Stored data:
··········

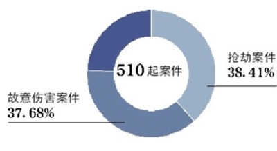 廣東省檢察機關2013年至2015年受理移送審查起訴校園暴力案件,510起案件中,搶劫、故意傷害案件分別占38.41%及37.68%
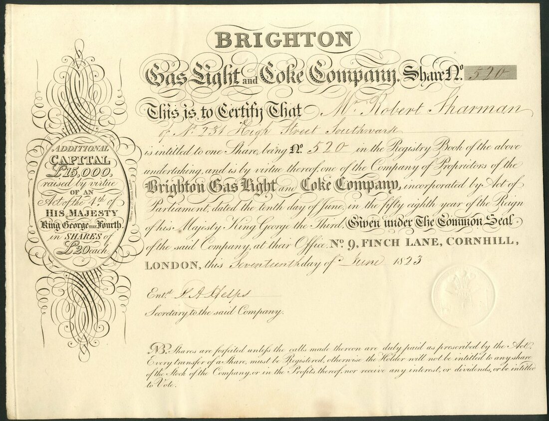 Great Britain: Brighton Gas Light & Coke Company, £20 share, 18[23], #520, black, attractive printing. GVF.
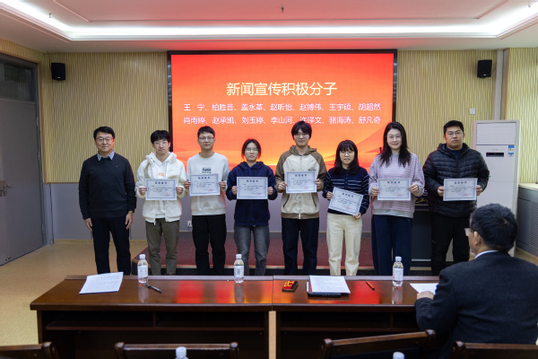 靳国栋宣读表彰决定与聘任通知,王博轩荣获“新闻宣传特别贡献奖”,董建党、纪仁杰、庄晶云、齐瑞、汪小婷、高晨鸣、王麒淼等7人获评“新闻宣传先进个人”,王宁、柏胜昔、盖永革、赵昕怡、赵博伟、王宇硕、胡超然、肖雨婷、赵承凯、刘玉婷、李山河、许译文、骆海涛、舒凡奇等14人获评“新闻宣传积极分子”;齐瑞、李欢、王宁、柏胜昔、崔俊国等5人被学校聘为2025-2026年度特聘记者。随后,殷晓康为获奖师生颁发荣誉证书,并为特聘记者授予聘书。
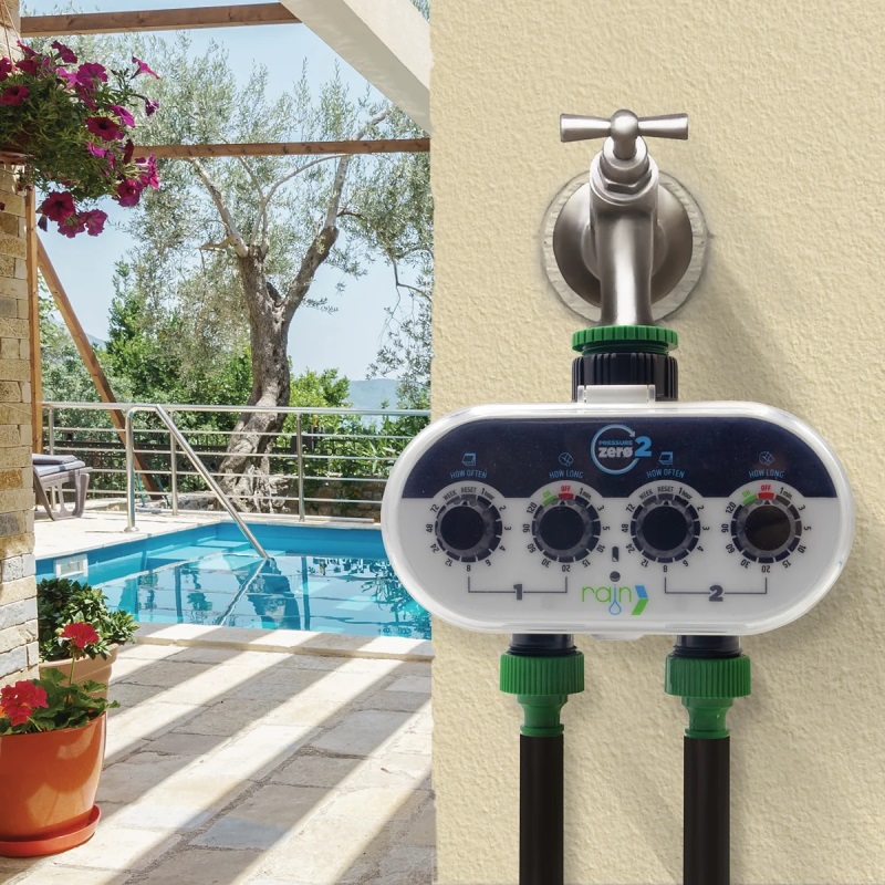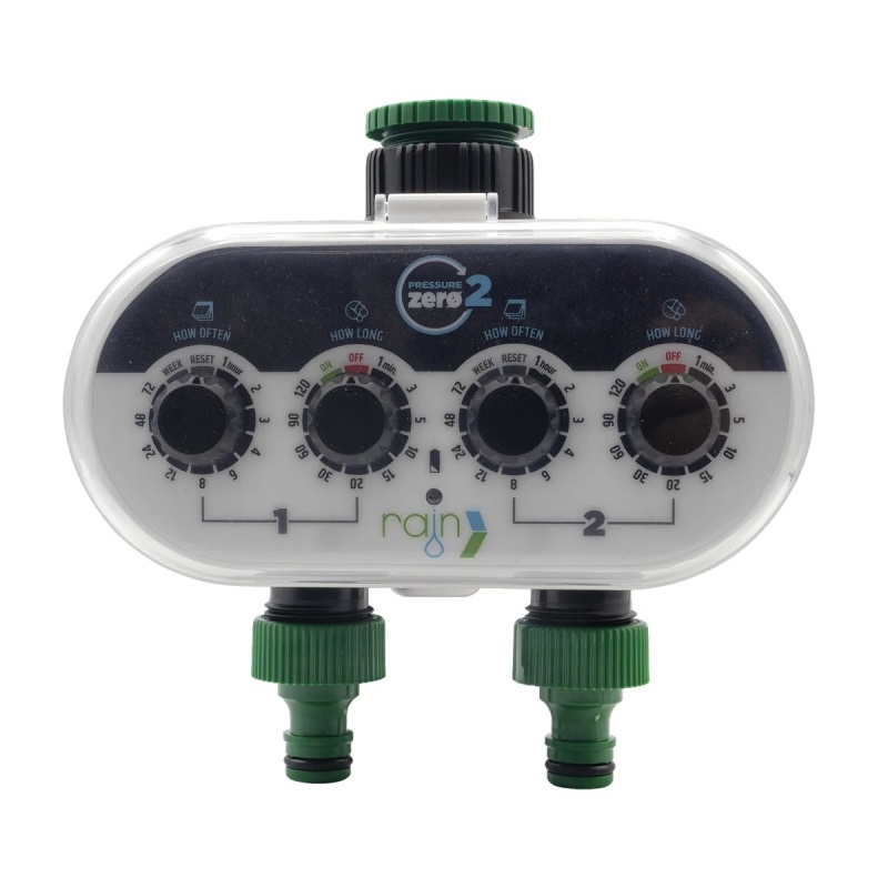 Rain ZERO Pressure 2 je 2-okruhový ovládač s batériou. Spoľahlivá automatizácia určená predovšetkým na zavlažovanie menších záhrad, kvetinových záhrad alebo kvetinových krabíc. Jeho programovanie je veľmi jednoduché, je navrhnuté tak, aby ho mohol vykonať každý.

··········

Work order:
Repeat the listing in full and to the letter, excluding every image.

Output for this exercise:
 廣東省檢察機關2013年至2015年受理移送審查起訴校園暴力案件,510起案件中,搶劫、故意傷害案件分別占38.41%及37.68%
 Great Britain: Brighton Gas Light & Coke Company, £20 share, 18[23], #520, black, attractive printing. GVF.
 靳国栋宣读表彰决定与聘任通知,王博轩荣获“新闻宣传特别贡献奖”,董建党、纪仁杰、庄晶云、齐瑞、汪小婷、高晨鸣、王麒淼等7人获评“新闻宣传先进个人”,王宁、柏胜昔、盖永革、赵昕怡、赵博伟、王宇硕、胡超然、肖雨婷、赵承凯、刘玉婷、李山河、许译文、骆海涛、舒凡奇等14人获评“新闻宣传积极分子”;齐瑞、李欢、王宁、柏胜昔、崔俊国等5人被学校聘为2025-2026年度特聘记者。随后,殷晓康为获奖师生颁发荣誉证书,并为特聘记者授予聘书。
 Rain ZERO Pressure 2 je 2-okruhový ovládač s batériou. Spoľahlivá automatizácia určená predovšetkým na zavlažovanie menších záhrad, kvetinových záhrad alebo kvetinových krabíc. Jeho programovanie je veľmi jednoduché, je navrhnuté tak, aby ho mohol vykonať každý.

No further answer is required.